Sarah Leguee, agricultora de grãos de Saskatchewan, à margem de uma feira agrícola em Regina, em 18 de junho de 2024. (Jennifer Chevalier/CBC)

“Sou filha de um agricultor, sou uma orgulhosa filha de agricultor. E estou muito orgulhosa dos agricultores do Canadá, que contribuem tanto para o nosso país e que literalmente alimentam o mundo”, disse Freeland.

A frustração sentida pelos agricultores é uma grande parte do debate político mais amplo em Saskatchewan. Faz parte da base da oposição do governo provincial a Ottawa em uma variedade de questões, especialmente energia e meio ambiente.

ASSISTA: A luta federal-provincial pelo imposto sobre carbono

Sask. os residentes receberão descontos no imposto sobre carbono, apesar da retenção de fundos na fonte

Os residentes de Saskatchewan continuarão a receber descontos do imposto sobre carbono do governo federal, apesar de a província não enviar para Ottawa os fundos arrecadados para impostos sobre aquecimento doméstico.

E a oposição à frente do imposto sobre o carbono é um assunto interpartidário em Regina. Em entrevista ao CBC A casa, A líder provincial do NDP, Carla Beck – cujo partido se manifestou contra o imposto – disse que os residentes de Saskatchewan têm boas razões para os seus sentimentos.

“A raiva e a frustração com o imposto sobre o carbono são reais. É construída em torno de preocupações reais e de um sentimento real das pessoas nesta província… de que há um primeiro-ministro que não está ouvindo”, disse ela.

Um grande trator.
Um trator no Canada’s Farm Show em Regina em 18 de junho de 2024. (Jennifer Chevalier/CBC)

Saskatchewan recusa-se a transferir o imposto sobre o carbono para Ottawa – uma violação da lei. Beck evitou questionar se ela apoiava essa medida, dizendo que estava preparada para trabalhar com o governo federal em uma solução melhor.

O primeiro-ministro de Saskatchewan, Scott Moe, disse aos repórteres esta semana que a província tem apenas respondido às medidas de Ottawa.

“Tudo o que você está vendo nesta província… são todas ações responsivas deste governo às iniciativas apresentadas pelo governo federal. Portanto, às vezes questiono o compromisso do atual governo federal em manter os canadenses unidos, ” Moe disse.

“Precisamos trabalhar em colaboração e em estreita colaboração com o governo federal sempre que pudermos, mas onde discordarmos, certamente não colocaremos em risco as oportunidades das famílias de Saskatchewan por causa de algumas decisões que são tomadas em nível federal”.

Jim Farney, professor de políticas públicas da Universidade de Regina, disse A casa que as políticas do Partido Saskatchewan são semelhantes aos esforços do ex-primeiro-ministro do NDP, Allan Blakeney, na “construção de províncias”.

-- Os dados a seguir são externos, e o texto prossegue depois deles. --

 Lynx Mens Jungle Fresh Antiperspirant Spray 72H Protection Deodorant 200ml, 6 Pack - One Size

“Moe foi significativamente mais longe, mas o tipo de reivindicação de autonomia provincial está em linha com algumas coisas que aconteceram. Ele apenas levou isso mais longe, com muito simbolismo, mais do que política”, disse Farney.

A casa também perguntou aos agricultores sobre o Canadá divisão rural-urbana. Norm Wall, um produtor de grãos e sementes oleaginosas, disse acreditar que os canadenses rurais e urbanos têm dificuldade em se entender.

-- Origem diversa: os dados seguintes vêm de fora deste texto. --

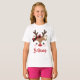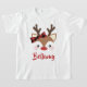 Teto de Natal com uma rena fofa com um nariz vermelho grande, chibatadas, e um arco de xadrez em seus chifres. Adicione o nome da sua filha em um script vermelho.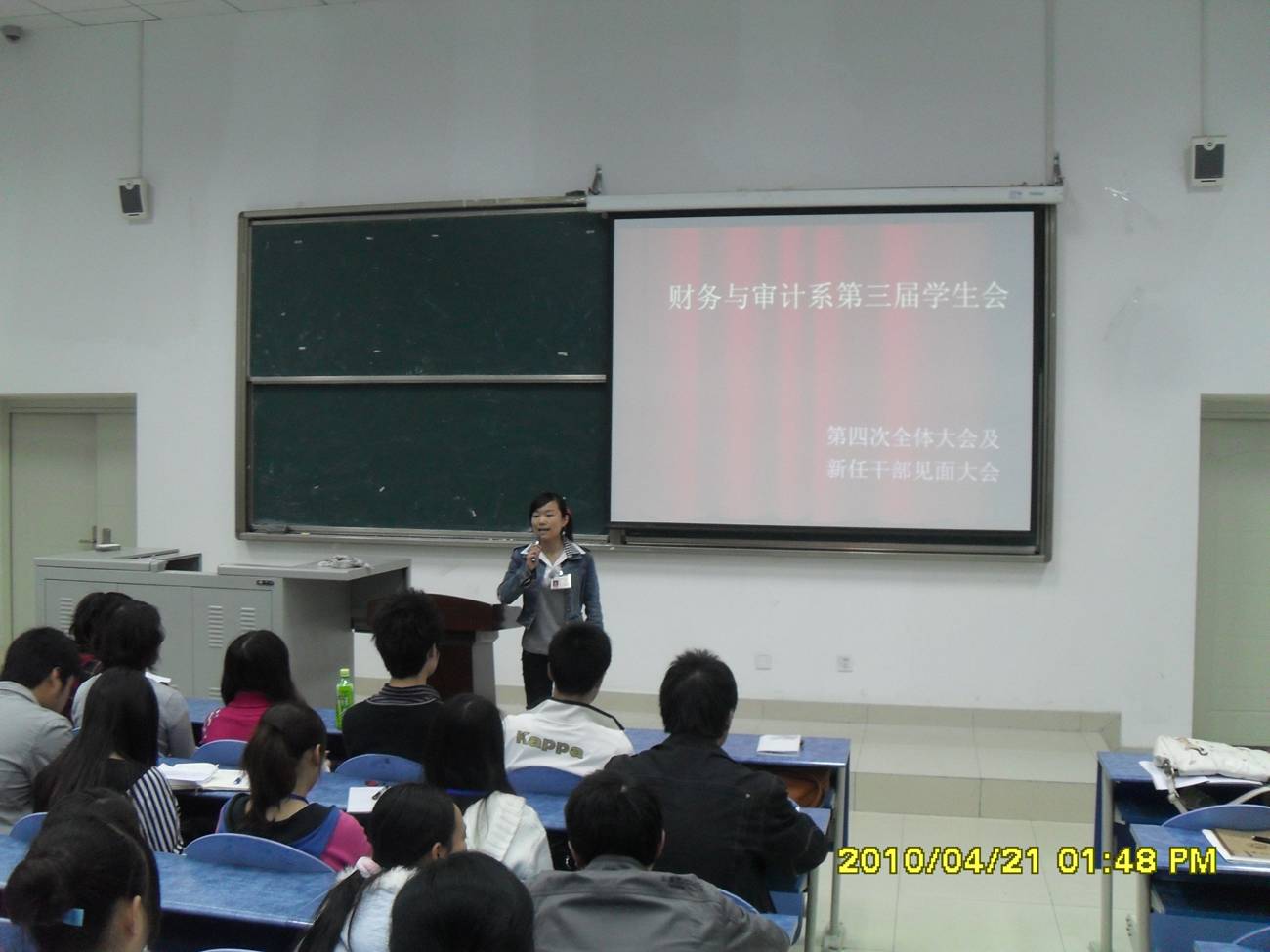 2010年4月21日星期三,财务与审计系学生会第四次全体大会及新任干部见面大会在B108成功召开。财务与审计系学生会全体成员以及各班班长、团支书参加了此次会议。在会议正式开始前,全体参会人员为玉树遇难同胞默哀2分钟,以表达对遇难同胞的哀思。

“Urbano (Canadá) está se afastando cada vez mais de suas raízes agrícolas… Mas, no mesmo ponto, será que o setor agrícola e o rural entendem as tensões do urbano?” ele perguntou.

“Eu não gostaria de tentar comprar uma casa em Vancouver ou Toronto. Já é bastante difícil comprar um quarto inteiro pelo preço de um pequeno bangalô em Toronto.”